Like the UConn medical students, interprofessional CT AHEC Urban Health Scholar, Kelli Nelson, 30, of Stratford, is very grateful for her pandemic response opportunity to also help seniors in need. She is training to be a physician assistant at Quinnipiac University.

“With the sudden onset of isolation and change to everyone’s normal routine, I felt that I needed to give back and help our community. This project was a way to reach out to the geriatric community and those affected by COVID-19 to reiterate they were not alone and we were there as a listening ear and support,” says Nelson. “I connected with one senior in particular who was very grateful for the weekly call, as she lived alone. This phone call was something we both looked forward to each week.”
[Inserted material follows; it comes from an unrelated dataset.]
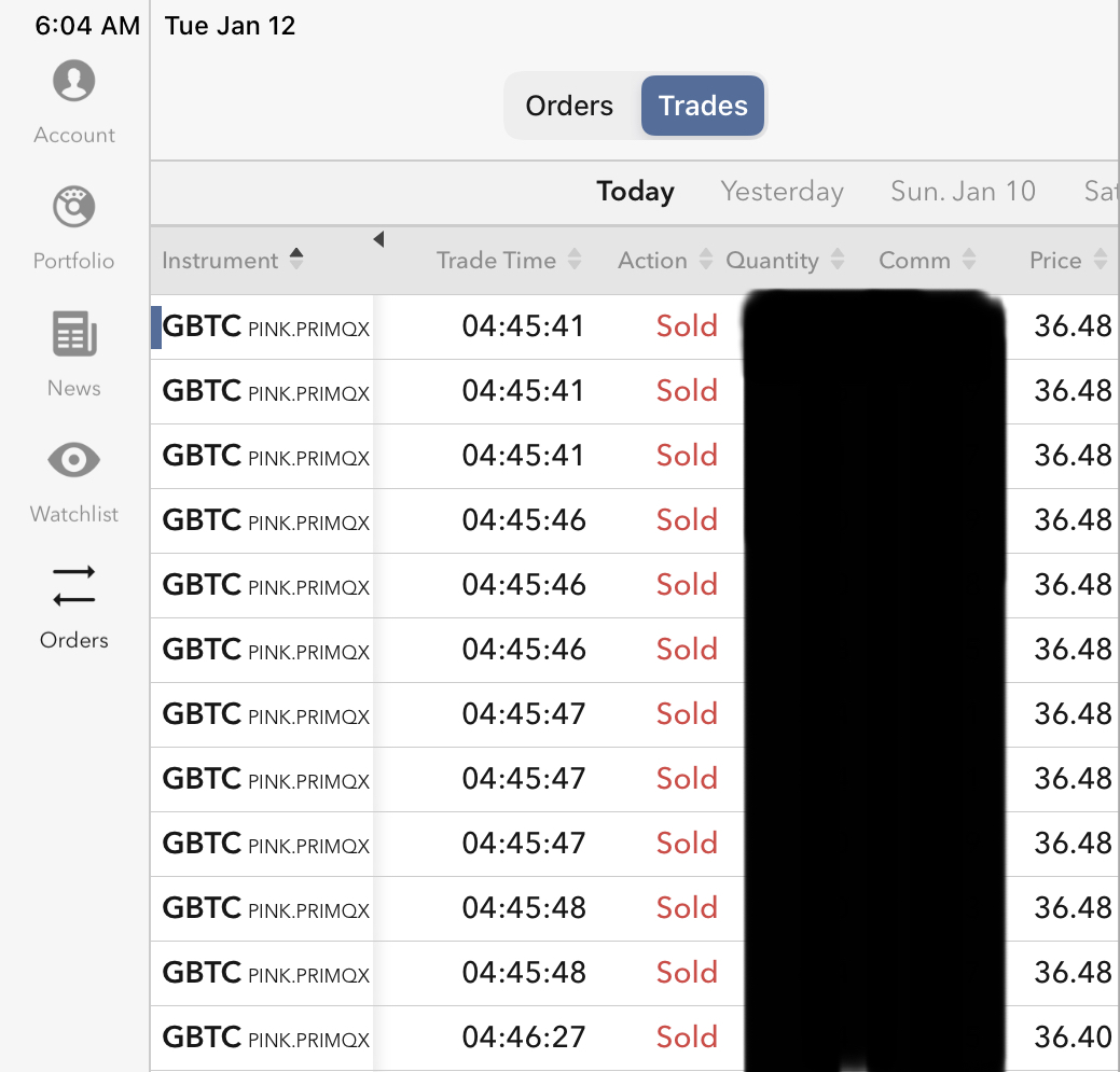 Am down to last 10% of my never-sell BTC after unloading 10% Monday NYSE time shortly before closing. GBTC is still orderly but the BTC chart looked heavy.
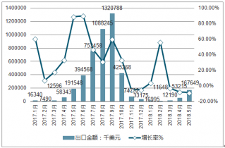 2013-2018年1-5月中國(guó)圣誕用品出口金額及增長(zhǎng)走勢(shì)

Nelson says the most gratifying part of the experience was knowing she was bringing some light to people during a difficult time.

“My hope is that those affected by COVID-19 or social isolation feel as though they have been remembered,” says Nelson. “​This experience will help me remember the collaborative effort that is needed to help provide the best patient care and resources for my patients.”

CT AHEC couldn’t agree more.

“As graduating students, Candice, Tiffani, and Kelli will bring with them their unique experiences with CT AHEC/the Urban Service Track into practice.  These experiences have shaped their readiness and ability to address the needs of Connecticut residents during COVID-19 and beyond,” says Clark-Dufner.